↓↓↓
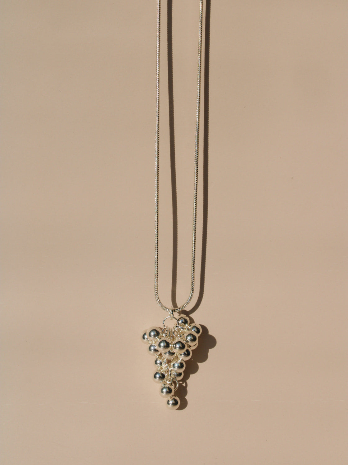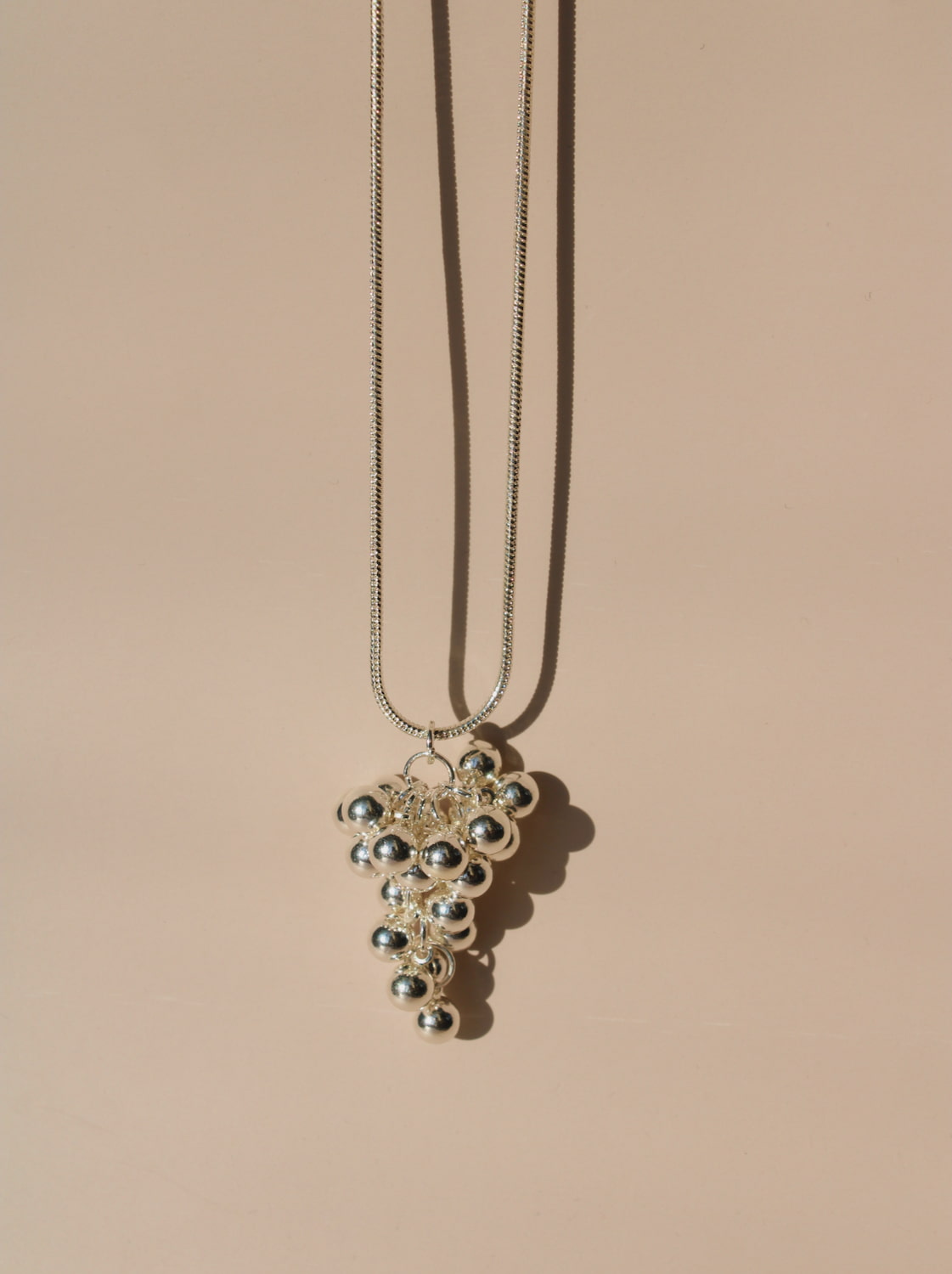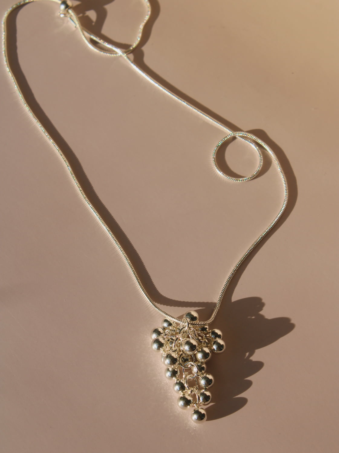 Inspirado nos delicados cachos de uvas maduras sob o sol do fim do verão, o Colar Uva traz um toque de elegância divertida ao seu visual do dia a dia. Feito em liga metálica de alta qualidade com acabamento prateado polido, seu design de contas em cascata captura a luz com beleza e se move suavemente com você.
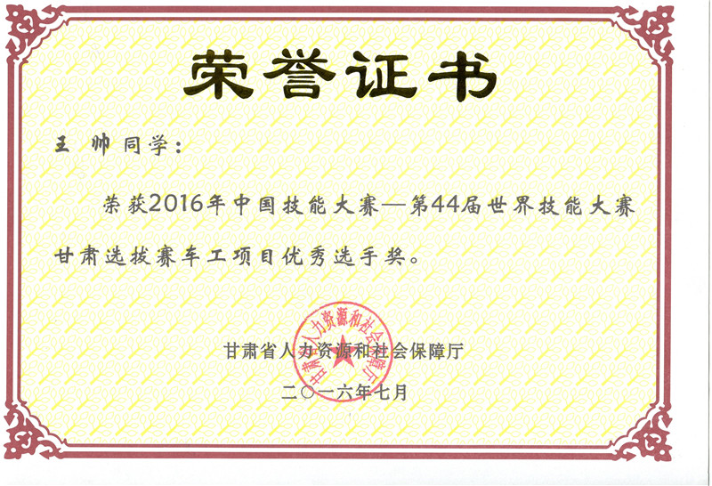 - 上一篇:第44屆世界技能大賽甘肅選拔賽裝配鉗工項(xiàng)目?jī)?yōu)秀獎(jiǎng)[ 06-21 ]
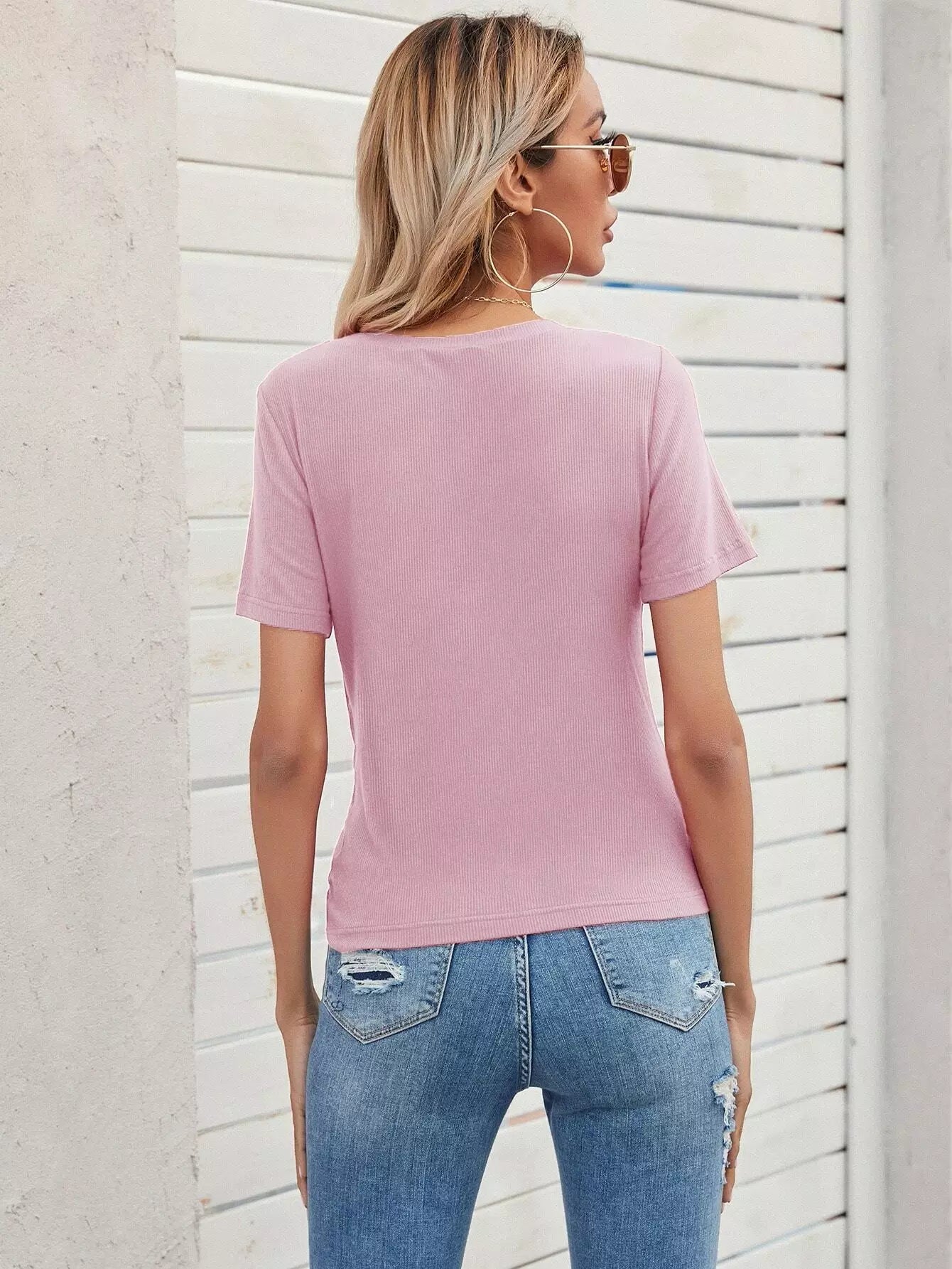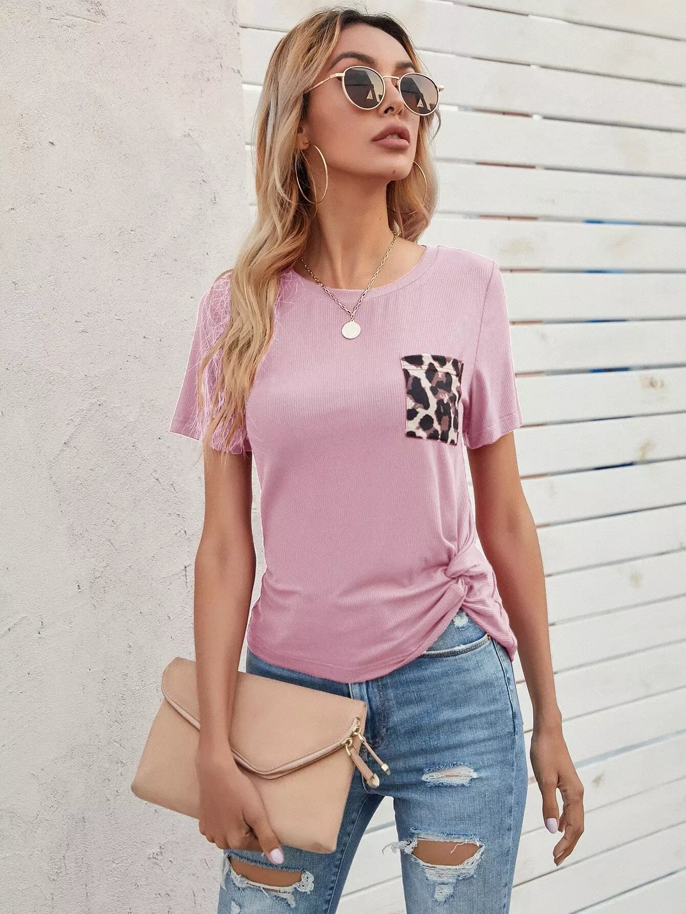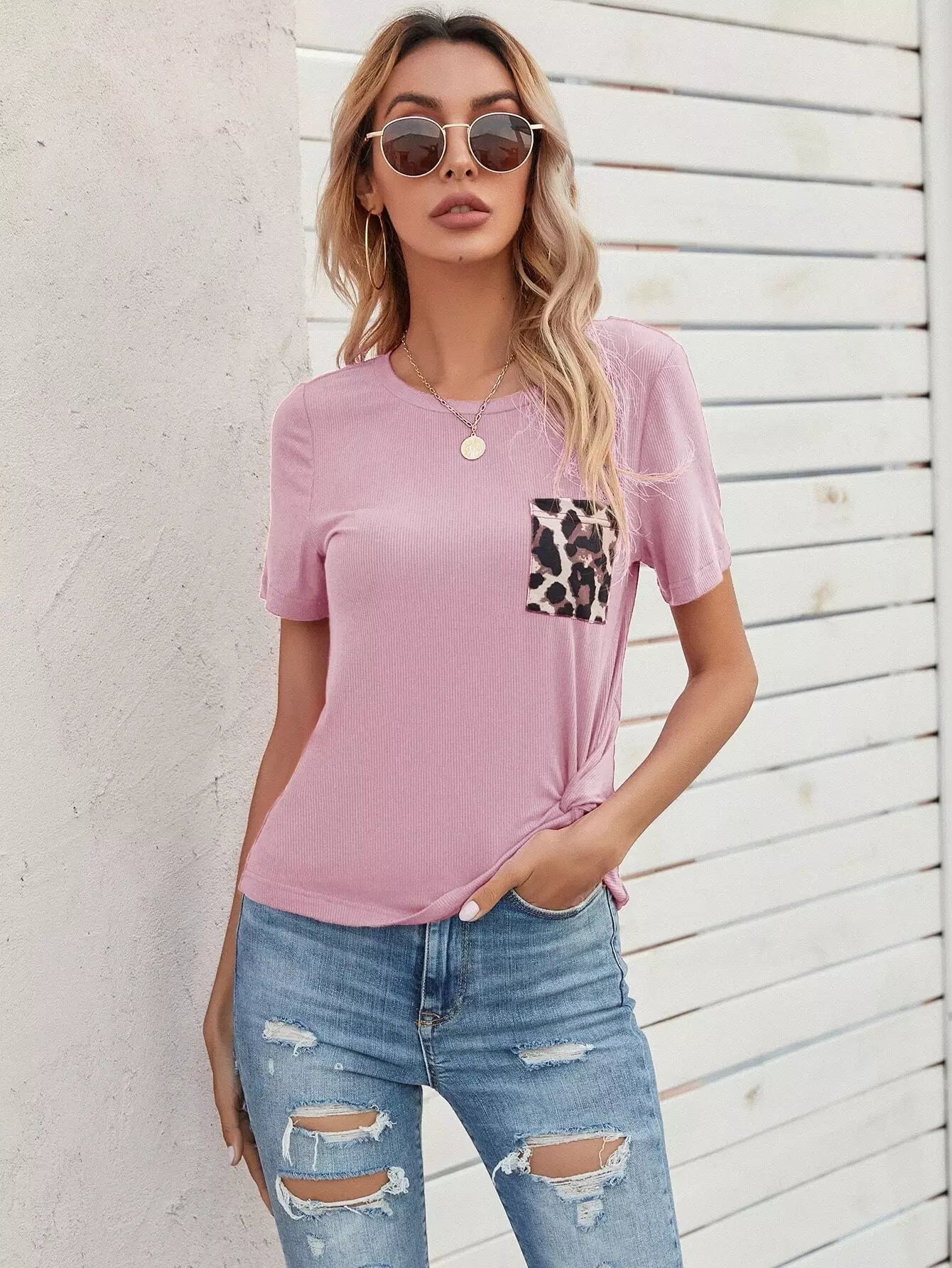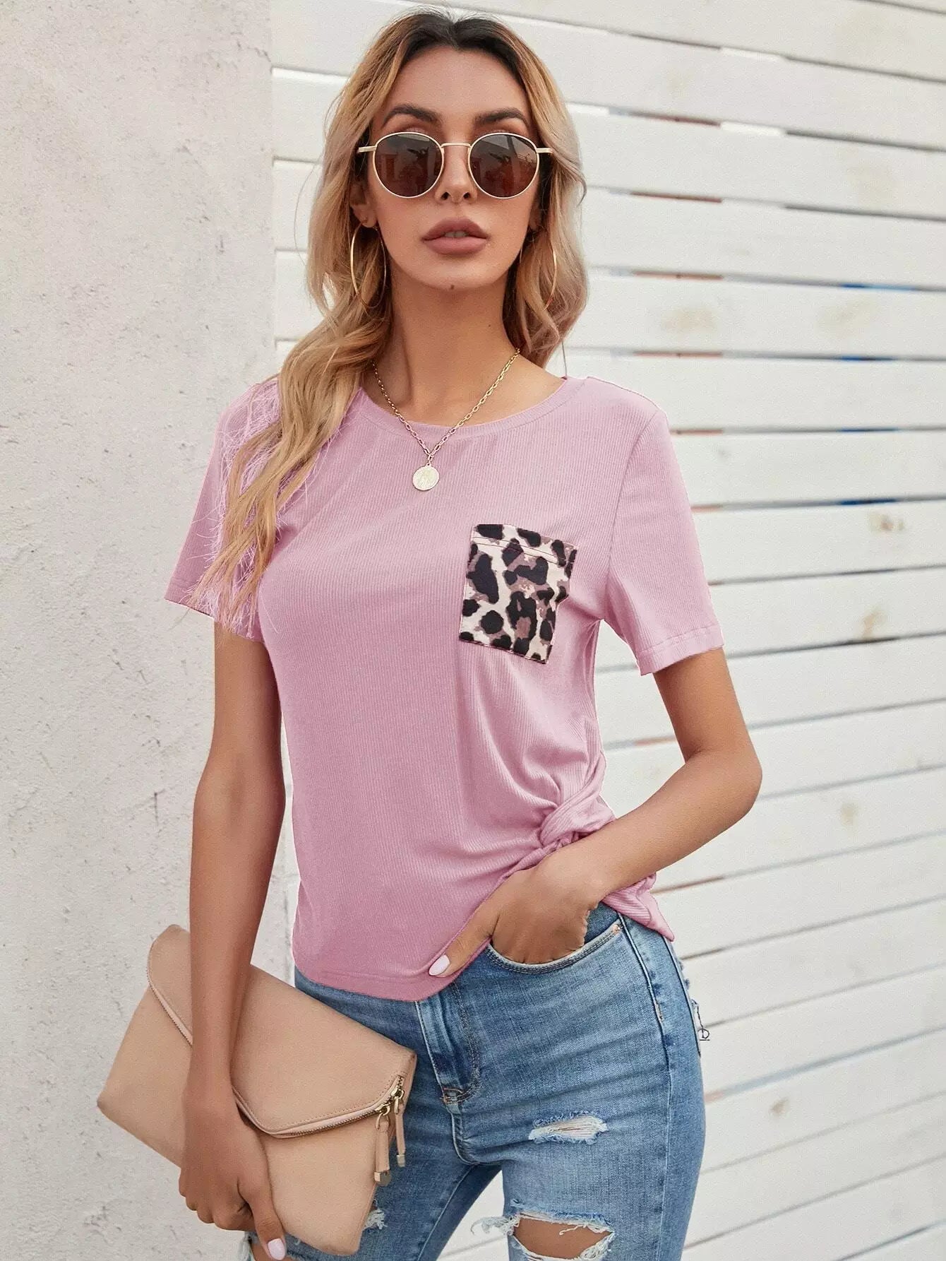 تي شيرت بحاشية ملتوية بجيب بلون مغاير
↑↑↑
Assignment
Where pictures sit among the data above, omit them, and output the rest exactly.

Task result
 Inspirado nos delicados cachos de uvas maduras sob o sol do fim do verão, o Colar Uva traz um toque de elegância divertida ao seu visual do dia a dia. Feito em liga metálica de alta qualidade com acabamento prateado polido, seu design de contas em cascata captura a luz com beleza e se move suavemente com você.
 - 上一篇:第44屆世界技能大賽甘肅選拔賽裝配鉗工項(xiàng)目?jī)?yōu)秀獎(jiǎng)[ 06-21 ]
 تي شيرت بحاشية ملتوية بجيب بلون مغاير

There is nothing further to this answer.